La DREES réalise l’enquête CARE (Capacités, aides et ressources des seniors), à la fois en institution et à domicile, pour connaître les conditions de vie des seniors, en mesurant notamment les difficultés de la vie quotidienne qu’ils rencontrent et les relations avec leur entourage. Un numéro d’Etudes et résultats de la DREES (janvier 2020 n° 1121) s’intéresse, sur le fondement des données collectées par l’étude CARE de 2015 et 2016, à l’état psychologique des personnes âgées hébergées dans les EHPAD (établissements d’hébergement des personnes âgées dépendantes). En 2015, 590 000 personnes âgées vivent en institution, dont 529 000 ont plus de 75 ans (soit 8,5 % de cette tranche d’âge, dont 91,5 % vivent à domicile). Un résident sur deux a, dans l’année écoulée, ressenti de la fatigue, de la lassitude ou de l’épuisement, un sur trois a besoin de se motiver pour assurer ses activités quotidiennes et un sur six n’en a aucune. Ces caractéristiques s’accentuent avec l’âge. La fatigue, la lassitude et l’épuisement touchent les personnes âgées à domicile dans les mêmes proportions mais le manque d’appétit et la difficulté à assumer les activités quotidiennes y sont bien moins fréquentes. De même, 18 % des seniors en institution déclarent souffrir de dépression (près de la moitié des seniors en établissement se sont vus prescrire des antidépresseurs dans l’année), deux fois plus qu’à domicile. L’application d’un « score de bien-être » tenant compte des réponses aux questions sur la fréquence de la tristesse, de l’abattement, du découragement ou du sentiment de bonheur montre qu’un tiers des résidents obtient un score inférieur à un seuil défini comme celui de la « détresse psychologique », cette situation ne touchant qu’un quart des personnes âgées à domicile. Encore les chiffres sont-ils sous-estimés en institution, seules les réponses données directement par les résidents étant prises en compte : or un certain nombre d’entre eux (les plus malades) n’ont pas été en mesure de le faire. 16 % des résidents en EHPAD se déclarent souvent « heureux », 32 % à domicile. Deux éléments jouent un rôle prépondérant dans ces déclarations : l’état de santé et le sentiment d’isolement (qualité de la relation avec les aidants, amitiés nouées dans l’institution, rythme des visites de la famille correspondant à ce qui convient à la personne hébergée).

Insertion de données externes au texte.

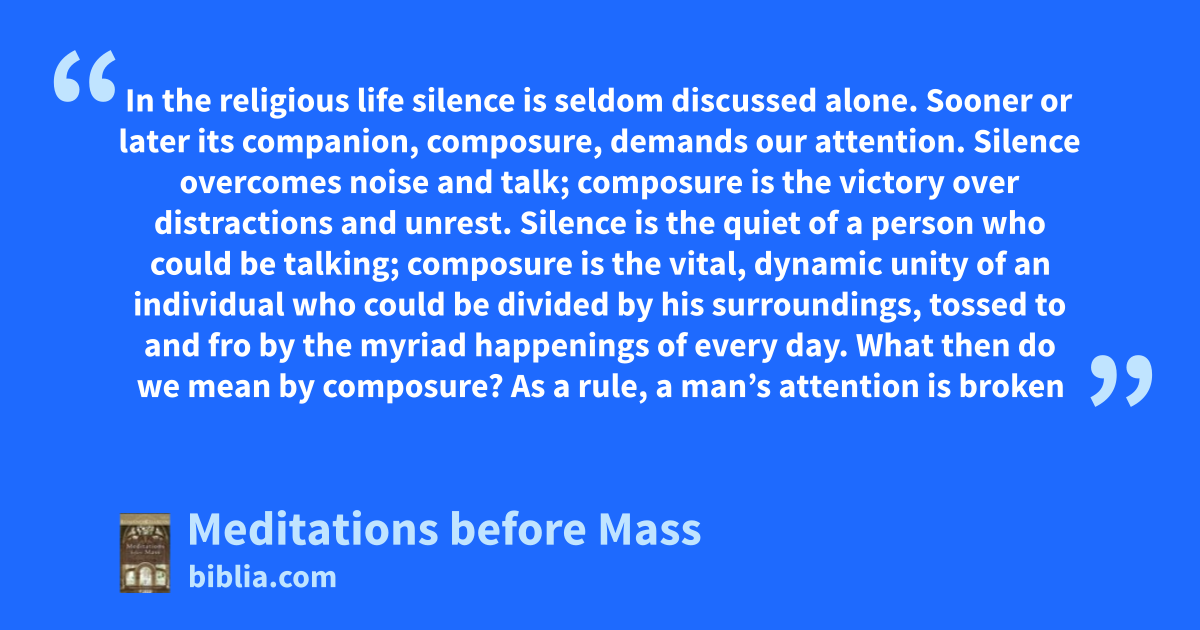 In the religious life silence is seldom discussed alone. Sooner or later its companion, composure, demands our attention. Silence overcomes noise and talk; composure is the victory over distractions and unrest. Silence is the quiet of a person who could be talking; composure is the vital, dynamic unity of an individual who could be divided by his surroundings, tossed to and fro by the myriad happenings of every day. What then do we mean by composure? As a rule, a man’s attention is broken

Il est sans doute difficile de conclure que la différence du lieu de vie suffit à expliquer l’écart de la situation psychologique des personnes âgées : les résidents en institution sont souvent en moins bonne santé et plus isolées que les personnes restées au domicile et don plus souvent « en détresse ». L’on pourrait toutefois soupçonner que l’absence d’activité en établissement est une des causes de cette situation mais l’enquête n’évoque pas ce point (elle ne parle pas des loisirs ni de la vie quotidienne en EHPAD). Pour autant, l’enquête peut être rapprochée de la volonté affirmée par les ¾ des Français (baromètre DREES) de vieillir plutôt à domicile qu’en institution. L’image des EHPAD n’est pas flatteuse, sans doute parce que l’on n’y entre pas volontairement, sans doute aussi parce qu’ils concentrent des personnes très diminuées.

 

Répondre au souhait très majoritaire de vieillir chez soi est l’une des principales orientations affichées du projet de loi annoncé sur le grand âge, dont on ne connaît pas aujourd’hui le calendrier. C’est dans le cadre des mouvements sociaux de 2018 dans les EHPAD qu’un rapport avait été commandé pour faire des propositions d’amélioration de la prise en charge de la dépendance. Ce rapport (le rapport Libault) a été publié en mars 2019. Il mettait l’accent sur la nécessité de maintenir les personnes âgées en milieu ordinaire de vie le plus longtemps possible et proposait de créer, entre les EHPAD et le domicile, des habitats intermédiaires adaptés où la personne âgée se sentirait chez elle mais en sécurité : les EHPAD seraient désormais chargés de l’organisation de ce maintien à domicile. Le projet est intéressant mais cher et long à prendre forme, d’autant que la réforme doit aussi financer une revalorisation des métiers du grand âge. Il ne faudrait donc pas tarder à la définir, à en prévoir le financement puis à la porter. La qualité du vieillissement est un des défis du siècle, autant apporter le plus rapidement possible les réponses innovantes nécessaires.